Arena does still offer players full control, but even many higher-level players only turn that on when they know particularly complex interactions may come up. Those decisions can have serious consequences. Professional players use Arena for its large Mythic Championship tournaments, one of which is happening this week in Long Beach, California with a total prize pool of $750,000.

Applying the rules

Finale of Promise Magic: The Gathering.
Here’s an example of a card with a lot of complicated rules interactions. Reiff noted that it was particularly tricky because it makes copies of spells under certain situations. Wizards of the Coast

Because there are so many rules involved with the game, the program dynamically loads only what it needs for a specific match. “When the players load their decks, the rules engine will look at what cards are involved in the match,” says Refiff. “Each card has a certain number of abilities and each of those abilities involves rules. Those rules are loaded in on the final level of detail. If there’s no creatures with flying with anybody’s deck, the game doesn’t know flying exists.” Loading every rule for every match would choke the game’s performance.

Magic introduces new card sets several times per year, and they often bring new rules and interactions. The team typically starts working on bringing them into Arena soon after the card designs are locked, which is three to six months before launch. Beyond the new rules, the team can also anticipate when old rules will need more attention. Reiff offers an example in the form of a card called Gilded Goose. “It’s a very playable, tournament-level card that sacrifices other permanents,” he explains. “That was a little tedious before but when we realized people were going to play it a lot, we decided to spend some time smoothing out that process.”

That’s part of the game’s “auto tapping” feature, which tries to automate the way in which players spend their mana resources as they take actions during the game. The system analyzes what players can do—and tries its best to anticipate what they might do in the near future—with the different kinds of mana they have available. I’ve played a lot of Arena and, while auto tapping isn’t always perfect, it rarely makes an egregious error.

Saving us from ourselves

You can still screw up when playing Arena, but the team has worked hard to make it more difficult to do so. Click on one of your creatures at the wrong time during a turn, for instance, and you can end up activating an ability instead of attacking with it, which could mean the difference between winning and losing. In order to prevent this kind of accident, Reiff says the game analyzes your actions and makes sure you know what you’re doing when it seems out of the ordinary. Sometimes it makes sense to damage yourself or destroy your own in-game objects, but doing so by accident is—as Magic players say—a feel-bad moment.

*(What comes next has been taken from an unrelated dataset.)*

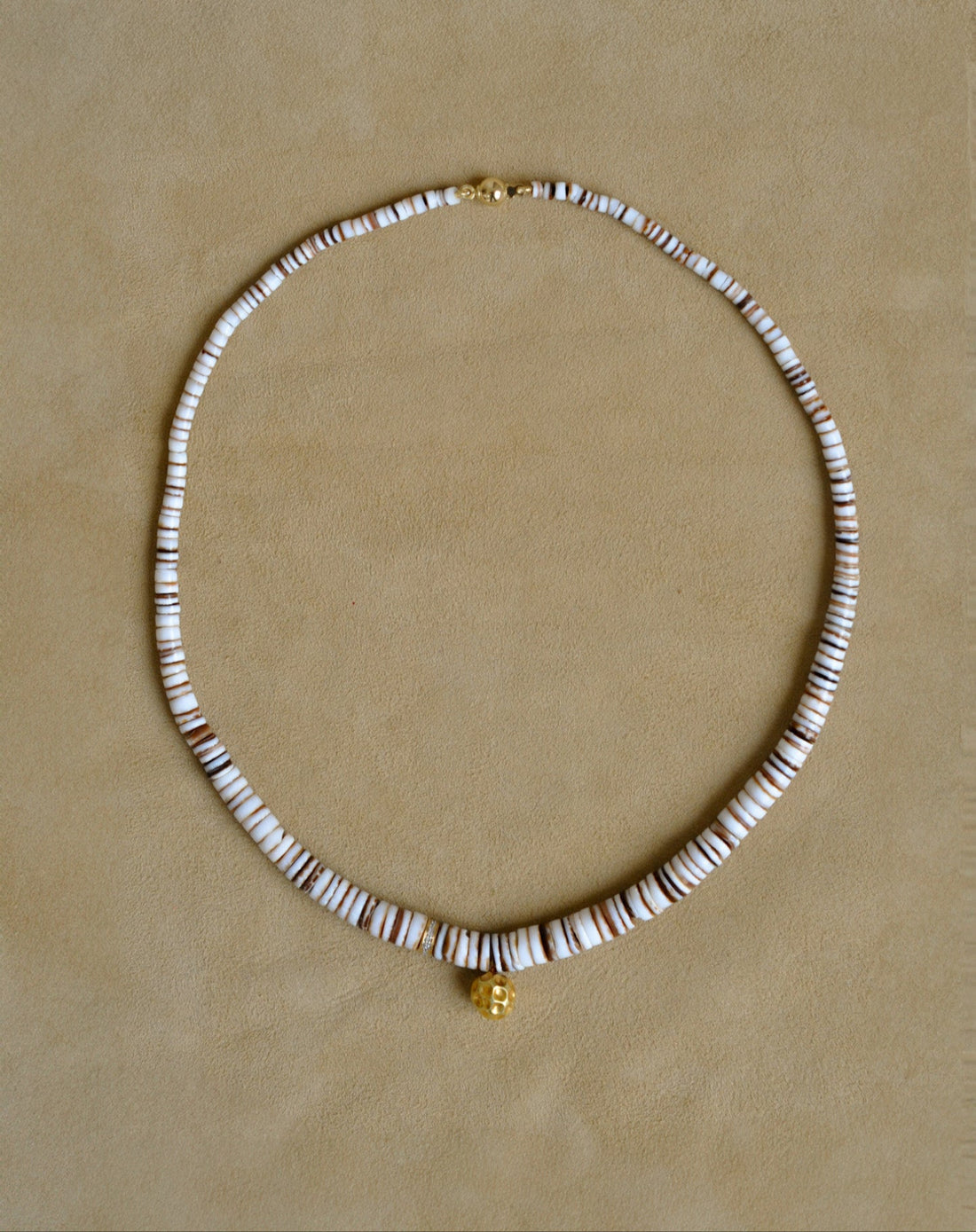 Striped black olive shell beads, paired with an 18k gold boule and a single diamond bead.

Still, the game doesn’t fully equip players with training wheels. A card like Narset, Parter of Veils, for instance, prevents players from drawing extra cards while it’s on the battlefield. That doesn’t mean, however, that it will prevent players from casting spells to try and draw cards. They simply pay their mana and get punished for not paying attention. It’s the kind of wonderful, evil moment that makes Magic such a great game and it’s still in there.

The game isn’t getting any less complicated and, as new cards make their way into the game, things will only get more complex, but the team is committed to making it approachable for newbies while enabling high-grade tournament play. And if players make the transition to paper cards, the rules still directly translate so they can jump right in. They’ll just have to make the battle sounds themselves during the game.